In March, the suit said, an Uber driver gave Leena Dawes a ride in Sacramento,Calif. but locked Dawes’ guide dog in the trunk and ignored her pleas to release the animal until they reached her destination.
In some cases, the suit said, Uber has charged passengers who are blind cancellation fees after its drivers refused to transport them. The company refunded the fees after the passengers filed written complaints, the suit said.
In response to the suit, Uber said the company requires its drivers to provide transportation to passengers who are blind and their guide dogs.
“The Uber app is built to expand access to transportation options for all, including users with visual impairments and other disabilities,” the company said. “It is Uber’s policy that any driver partner that refuses to transport a service animal will be deactivated from the Uber platform.”
But the lawsuit said Uber has told passengers who are blind it has no responsibility for its drivers’ conduct because they are independent contractors, not employees. A separate lawsuit by Uber drivers, pending in San Francisco federal court, contends they should be classified as employees and accuses Uber of wrongfully denying them benefits.
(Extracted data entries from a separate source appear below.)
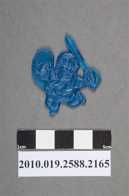 1.本物件為持劍盾人型尪仔仙。硬質塑膠材質,扁平,單一藍色,雙面浮雕圖案,兩面圖案相同。圖案為戰鬥的人型,其頭戴安全帽,安全帽上有飛行眼鏡,身穿大外套,斜揹某物,一手拿盾牌,一手舉著長劍,雙腳有跳躍貌。
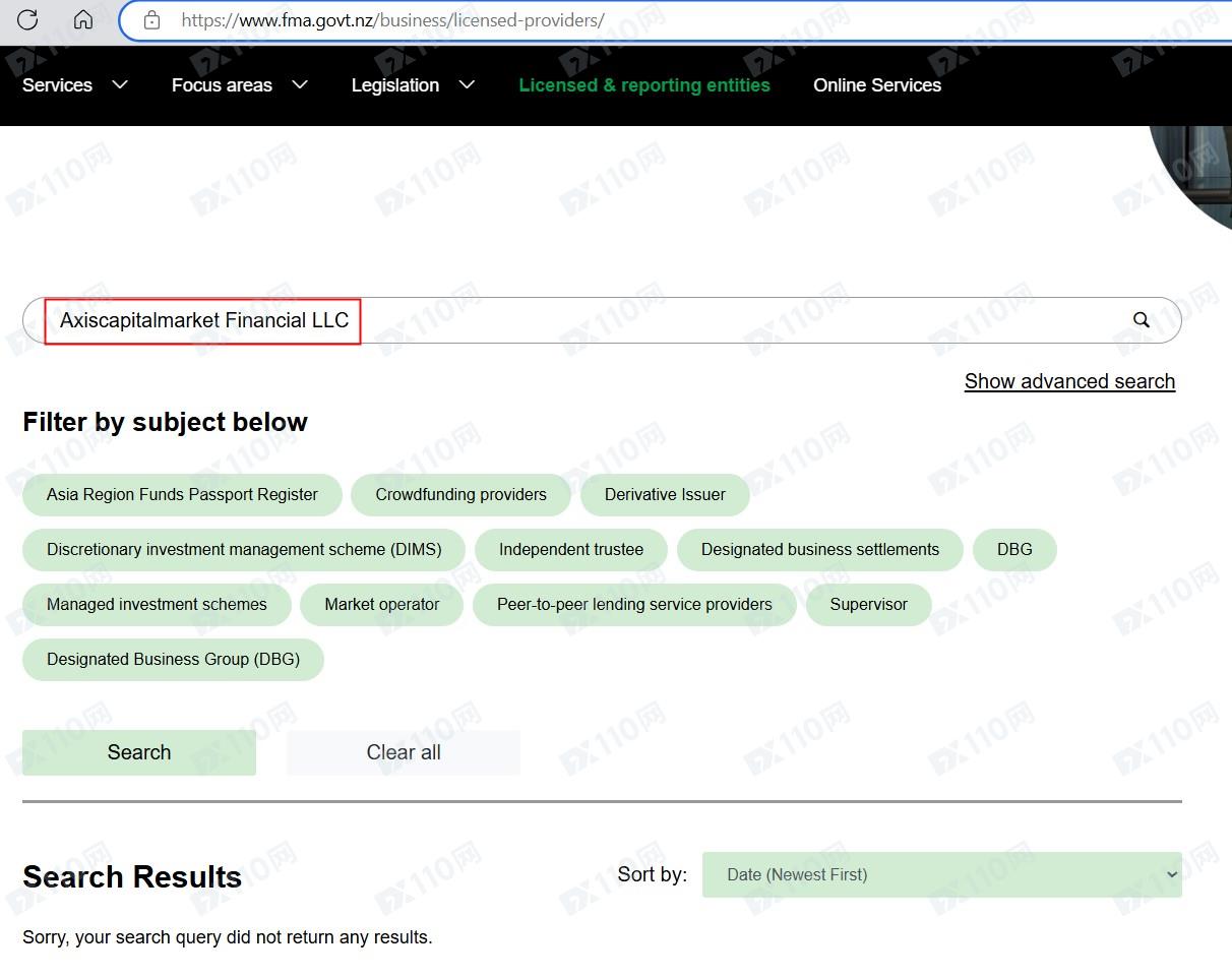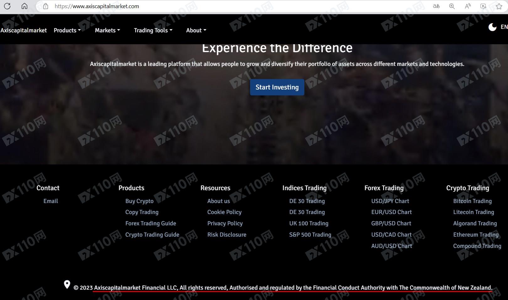 該平臺宣稱提供外匯、股票、加密貨幣等交易服務,由Axiscapitalmarket Financial LLC運營,受新西蘭聯邦金融行為監管局授權和監管。
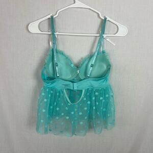 Padded Babydoll Cropped Mesh Lace Dreamy Fairycore Camisole in Blue/ Teal
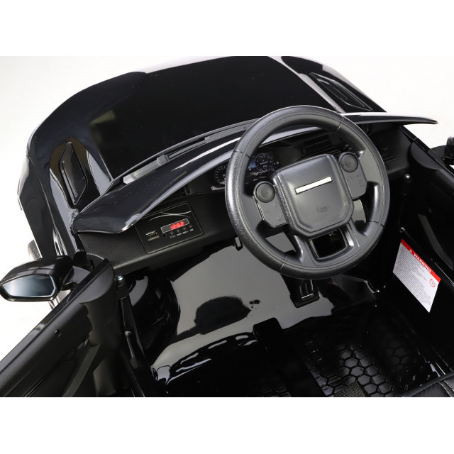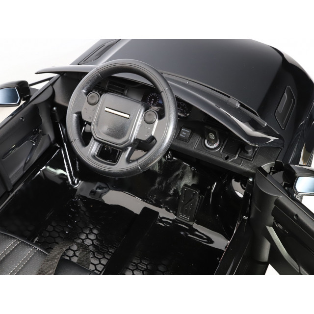 Elektrické SUV Range Rover Evoque s 2.4G bluetooth dálkovým ovládáním, start klíčem, FM rádio, USB, bluetooth, voltmetr, LED osvětlení, otvírací dveře, čalouněná sedačka, EVA kola, odpružení náprav, možnost ručního tažení, kvalitní materiály a zpracování, originální vzhled, lakované metalízou.
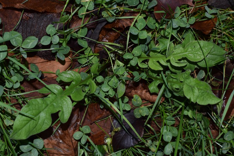 Foglie con lobi particolari in una aiuola urbana trascurata.
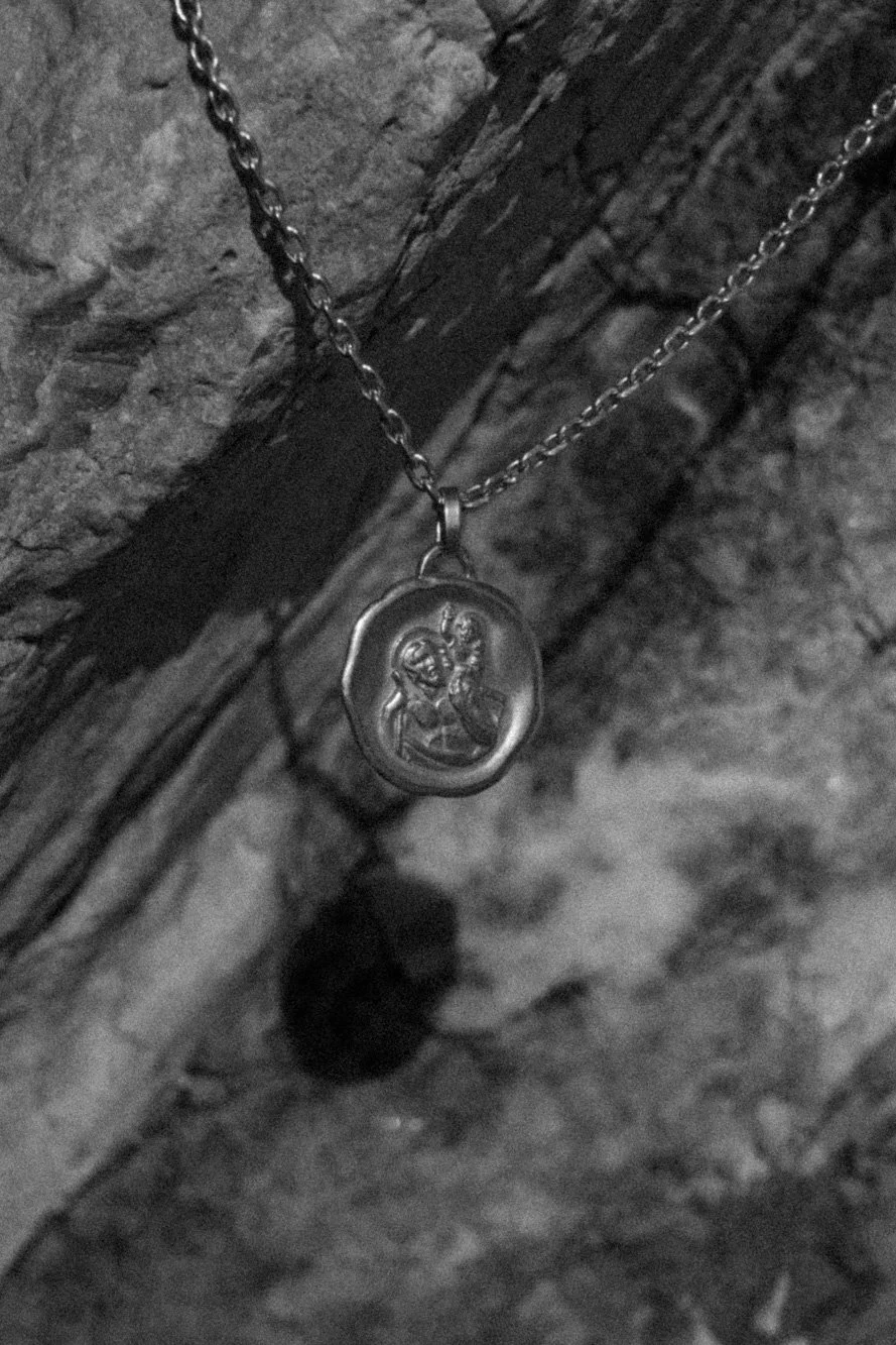 A close-up black-and-white photo of a necklace with a pendant depicting a religious figure, hanging against a rough brick and stone wall.
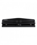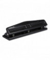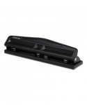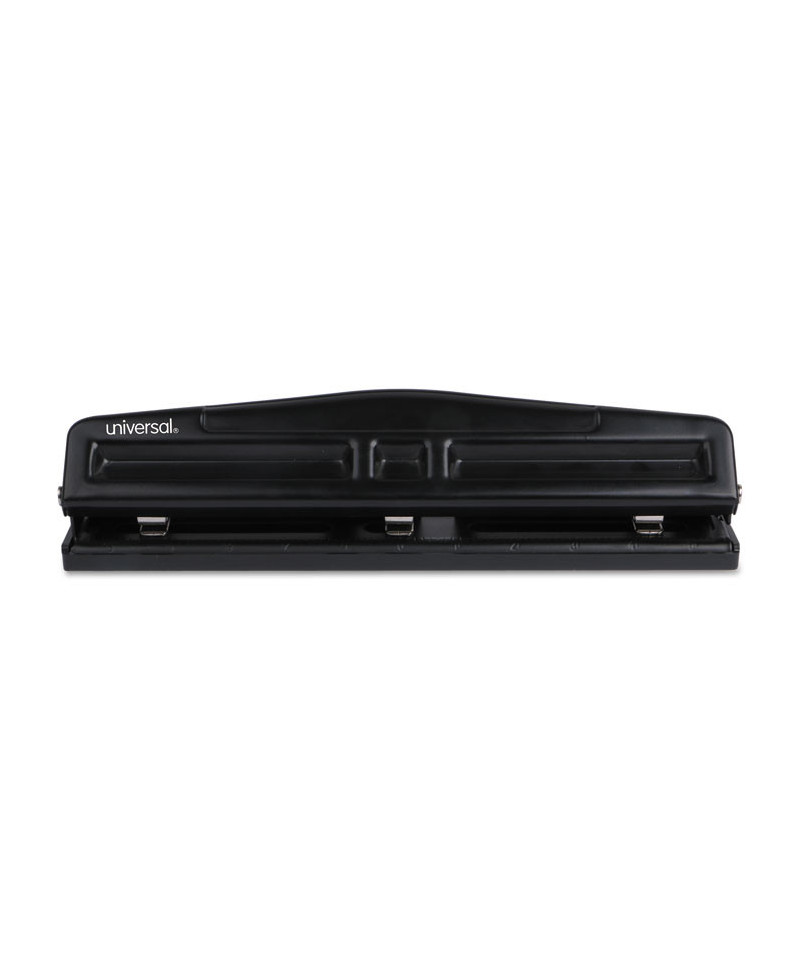 This hole punch punches up to 12 sheets of paper at once, ideal for everyday office tasks. Three punch heads adjust for two- or three-hole punching. Removable chip tray allows for easy cleanup. Durable and sleek plastic/metal design add a professional look to any surface.

Advocates for the blind notified Uber of their discrimination complaints in June and sought to resolve the issue through negotiations, but the company refused, the suit said.
“Our right to independent travel is unjustly jeopardized when Uber drivers refuse to transport or harass blind customers due to the presence of their service animals,” said Mary Willows, president of the National Federation of the Blind’s California affiliate.